Вацлав понимал очень хорошо, что дело шло об уничтожении долга потерей ничего не стоящей ему деревеньки; в настоящую минуту вещь была для него решительно не занимательная, и он небрежно ответил:
— Да ведь уговора никакого не было!
— Конечно, на бумаге не было никакого, но у меня и слово свято! Это будет зависеть от тебя, Вацлав. Если ты захочешь заставить меня исполнить уговор — я готов, если уволишь — буду рад.
— Увольняю, граф, увольняю, — сказал племянник.

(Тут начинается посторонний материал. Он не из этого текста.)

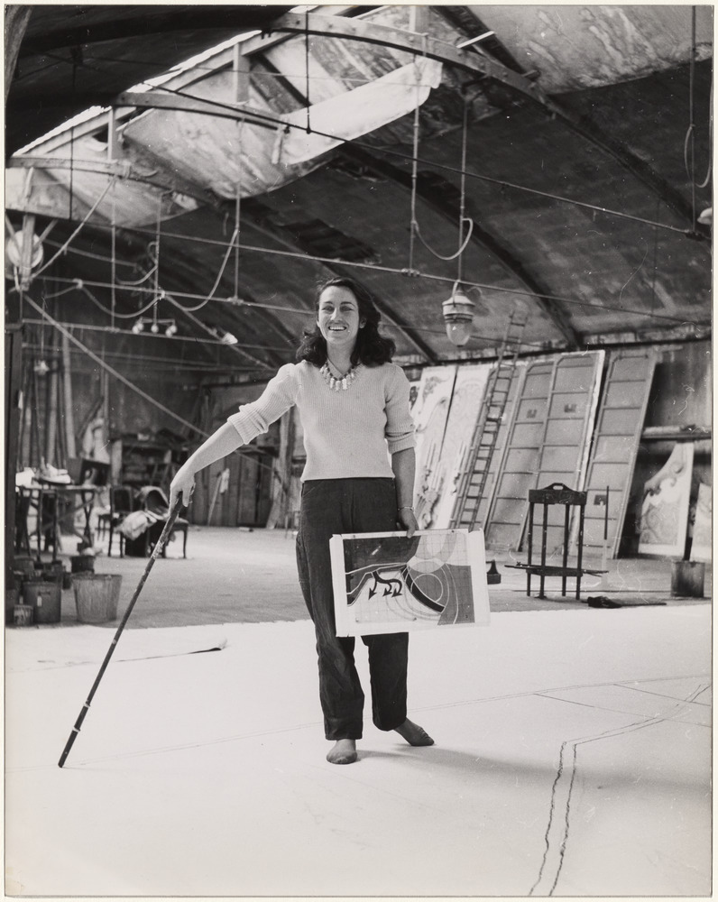 Françoise Gilot dans un hangar avec les maquettes pour le ballet "Héraclès" au sol, en 1953

— По правде, — добавил Дендера, — хоть и против себя говорю, должен тебе признаться, так велит совесть, ты потеряешь много. Покойник в денежных делах был не промах! Го, го! За пояс заткнул бы любого. Он хорошо знал, что такое именьице, соединяющее твой Пальник с Вульками, было золотым яблочком. Цемерня, хоть и маленькая деревенька, но спроси, чего там недостает? Лес, луга, поля… какие поля! Вода, мельница, сто душ: но в каком положении люди! По сто дукатов за душу в таком положении не дорого.
Вацлав молчал. Мучило это графа, который воспламенялся, усиливаясь убедить Вацлава в необходимости приобрести Цемерню, стоющую едва половину того, сколько он намеревался взять за нее. Молодой человек думал о чем-то другом, оплакивая недавнюю потерю и назавтра готовясь начать новую жизнь, и не слышал половины тех прекрасных вещей, какие текли неудержимым потоком с уст графа.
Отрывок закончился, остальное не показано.